Our real-world test to see how much stuff the Blazer EV cargo area can hold, with comparisons to other EVs and SUVs.

What is the 2025 Blazer EV price?

GM had not released pricing information for the base, front-drive LT at the time of this writing (nor its range or when it’ll be on sale), so for now, the Blazer EV starts off with the LT e-AWD model at $47,600. We also don’t know the 2025 destination charge, but it was $1,395 last year.

The RS e-AWD costs $52,900 for 2025, which is $300 cheaper than last year. We did not have RS RWD pricing at the time of this writing, either, but it was effectively a $1,000 premium last year over the e-AWD. That’s another way this powertrain offering setup is unusual.

The RS extras include dual-zone automatic climate control, driver memory settings, ventilated power front seats, a heated wrapped steering wheel, and wireless charging. Most of those items are available within packages in the LT. The RS also gets unique, sportier styling inside and out, which includes fancier exterior lighting and standard 21-inch wheels. Agreeably, every Blazer EV gets that beautiful 17.7-inch touchscreen.

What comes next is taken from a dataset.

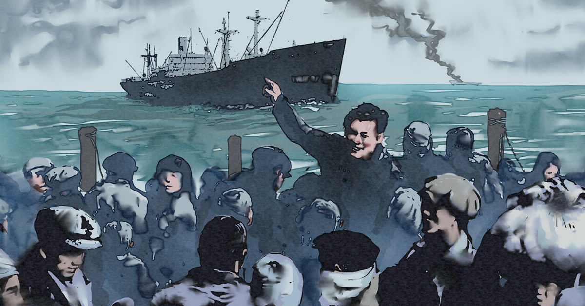 “The Koreans on the dock, to me, that’s what we were there for, that was our job. The problem was how we [were] going to get them aboard,” remembered Burley Smith, a Merchant Mariner, the third mate aboard the Meredith Victory. “There were too many people and not enough time to get them all loaded. It looked like Times Square on New Year’s Eve.”

What are the Blazer EV safety ratings and driver assistance features?

Every Blazer EV includes forward collision warning, automatic emergency braking with pedestrian detection, lane-keeping assist and lane-departure warning, rear parking sensors, automatic high beams and GM’s Safety Alert Seat that vibes the driver’s butt as an added alert for the above driver assist systems. Adaptive cruise control is also standard, but can be supplanted with the more advanced, hands-free Super Cruise system available only with all-wheel drive.

The Blazer EV has not yet been crash tested by a third party.